Ismaël MAURAY

Ismaël MAURAY, peinture sur toile, collection Musée Art et Déchirure

« Né à Caen en 1973, Ismaël MAUREY, grandit dans la campagne Normande. Il vit avec pour voisins animaux et arbres. Les années sont bercées par le rythme des saisons, le rituel de l’abattage à l’automne, cochon, volailles, moutons et autres (…). Tristes sujets que ces os, ces carcasses, ces corps et ces souches ? Carcasse, os, souche, crâne, certes ce sont les vestiges d’une vie maintenant disparue qu’à l’ordinaire on oublie ou ne veut pas voir, mais ce sont de multiples prétextes à parler d’ombres, celles qui éclairent, décrivent, organisent et font surgir le relief pour vous proposer un rêve : celui de votre lecture. Avec le corps humain, Ismaël MAUREY, montre une lecture de notre condition d’aujourd’hui. Les corps sont torturés, obèses, maigres et les visages ne sont que cri et douleur. »
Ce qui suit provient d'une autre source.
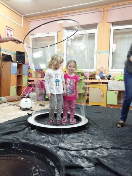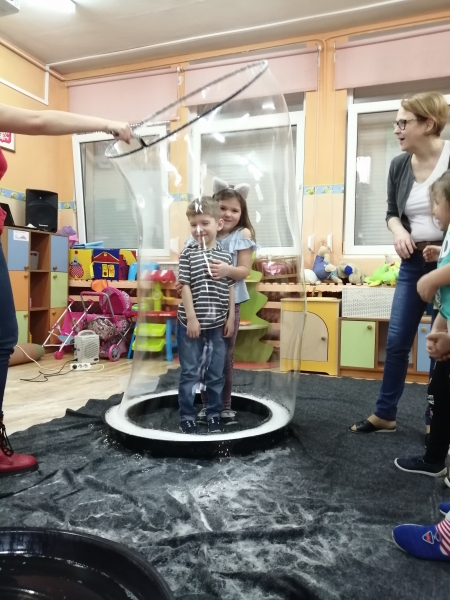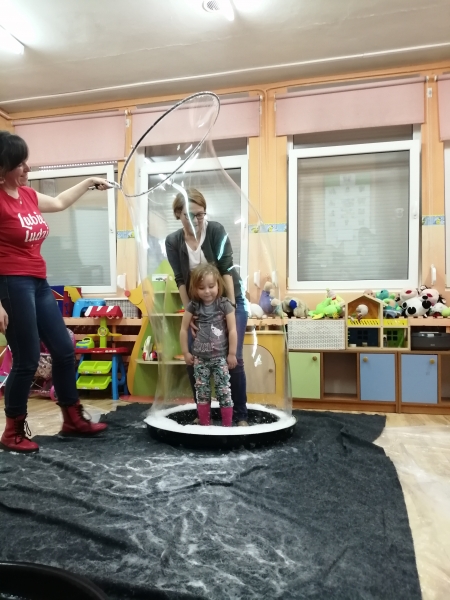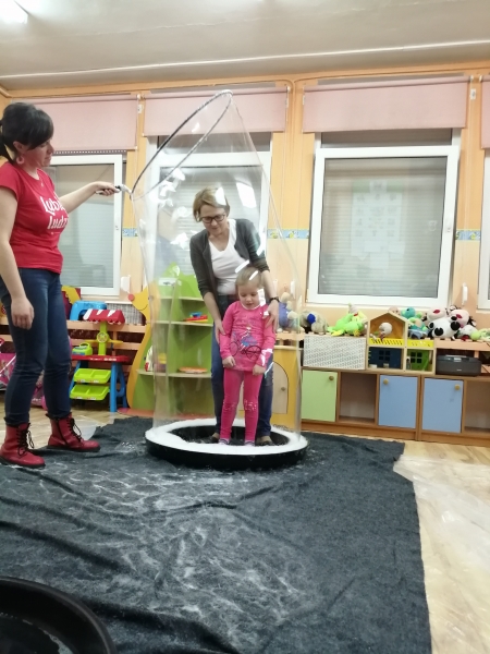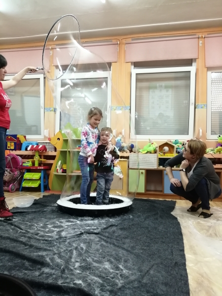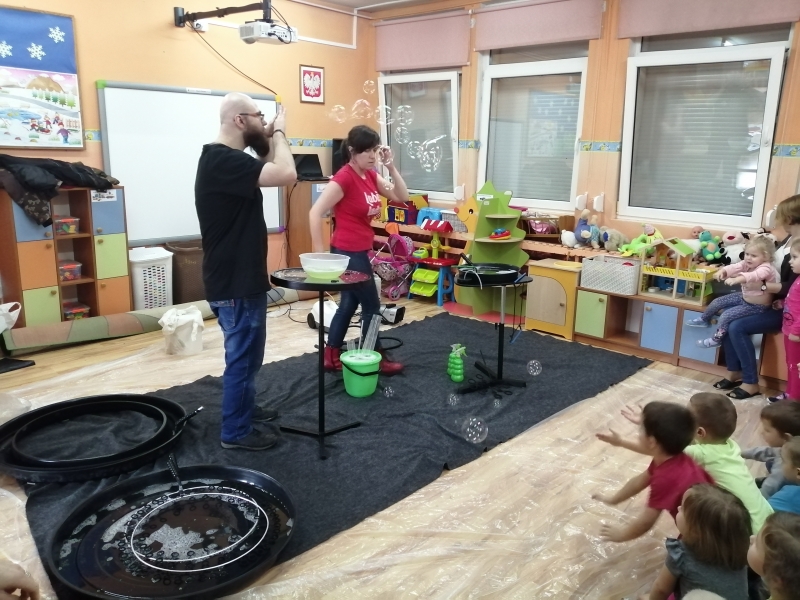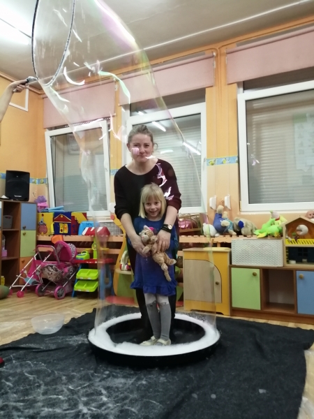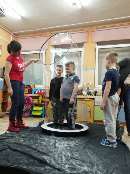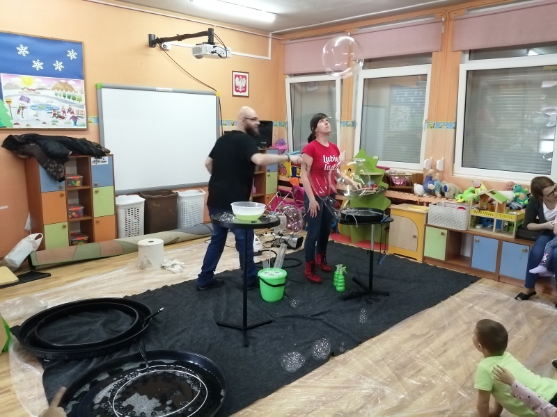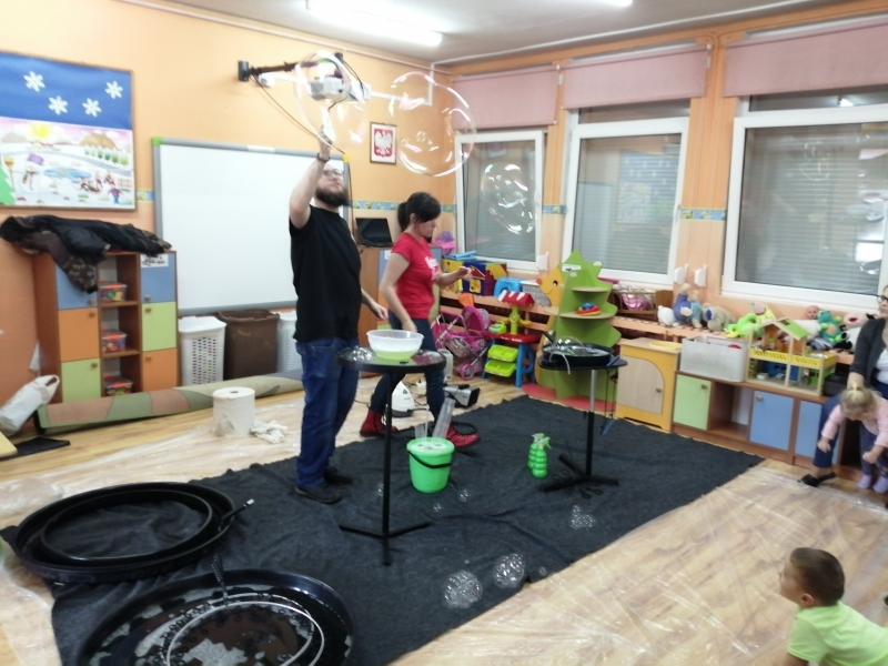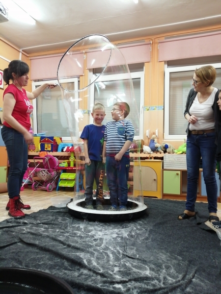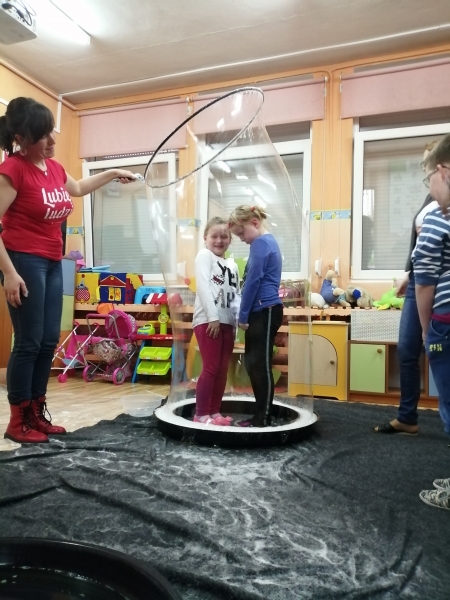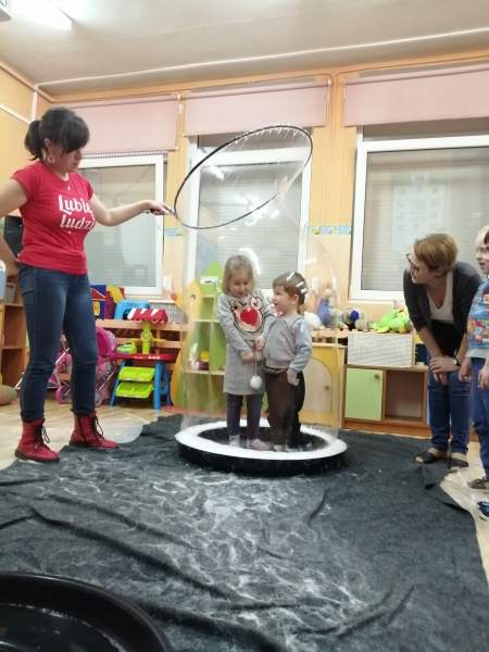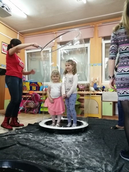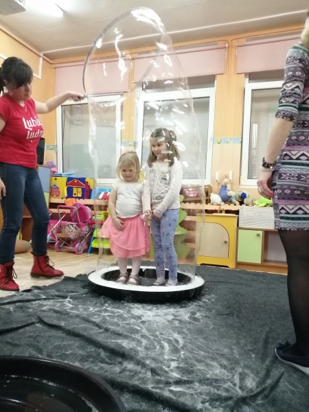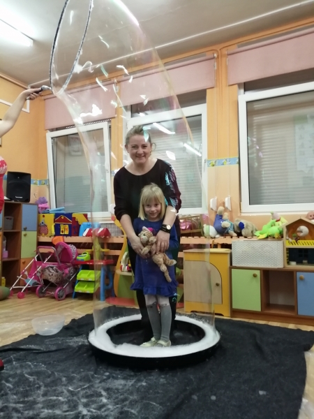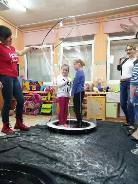 W marcu do naszego przedszkola przyjechali artyści i zaprosili nas do swojego magicznego świata baniek mydlanych. Pokaz bardzo się wszystkim podobał, dzieci podziwiały różne barwy i wielkości unoszących się dookoła baniek. Kulminacyjnym momentem było zamknięcie każdego przedszkolaka w bańce…to był wyjątkowy dzień.
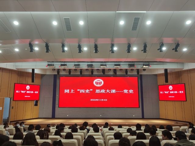 为进一步贯彻落实习近平总书记在党史学习教育动员大会上的讲话精神,积极响应教育部社科司《关于组织全国大学生“同上‘四史’思政大课”的通知》要求,11月4日下午,我院在图书馆报告厅组织学生干部、学生党员和学生代表集中观看“同上党史思政大课”视频。
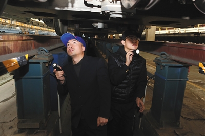1月13日,北京動(dòng)車段南所,一級(jí)修車間高鐵機(jī)械師皮春成(左)和楊雪松(右)在檢查油跡。
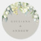 Pegatina Redonda Elegante Boda Greige Snowberry+Eucalyptus

extrait de la notice biographique du site d’Ismaël MAURAY

Agnès MAITREJEAN et Laurent DESCOTILS

Agnès MAITREJEAN et DESCOTILS, Animaux volontaires, boîte animée, collection Musée Art et Déchirure

« (…) On travaille à fixer le fugitif, à cadrer le mobile, à donner de la couleur aux fantômes et de la matière à l’insaisissable. Le travail d’Agnès MaItrejean s’inscrit dans cet esprit. (…). Son travail ne montre ni ne démontre : il (…) donne l’idée que l’art comme la vie sont un jeu (…) même si c’est avec le sourire du chat d’Alice aux Pays des merveilles. »
O. Ponsard


« Impertinentes, inattendues, humoristiques, sont les qualités évidentes des «sculptures–machines» de ce duo d’artistes. Agnès Maitrejean et Laurent Descotils sont nés à Paris (…). Ils ont (…) créé, loin des modes, un monde très personnel, proche des gens, plein de vie et de fraicheur. Agnès dessine sur les planches en bois des personnages que Laurent découpe soigneusement à la scie sauteuse. Les motifs sont peints à l’acrylique, assemblés entre eux, trouvant leur place dans la composition. Des rouages reliés par des courroies impriment des mouvements aux sujets, par la magie de l’électricité. D’autres pièces se laisseront entraîner par une main énergique à l’aide d’une manivelle. La modernité évidente du travail de Maitrejean et Descotils allie néanmoins le charme désuet de l’art populaire, de l’art forain et des images d’Épinal. »
Antonio Saint Silvestre

Daniel ROGER

Daniel ROGER, Casemate, 2016, sculpture, papier et colle, collection Musée Art et Déchirure

Marc GIAI-MINIET

Marc Giai-Miniet est né en 1946. Il peint avec beaucoup de force un monde souterrain. Il fabrique aussi dans des matériaux divers de petites scènes situées dans des boîtes : des montages à la fois fantasmés et réalistes d’immeubles vus en coupe, locaux aménagés pour des causes obscures, laboratoires, ateliers, coins d’usines, dépôts d’archives.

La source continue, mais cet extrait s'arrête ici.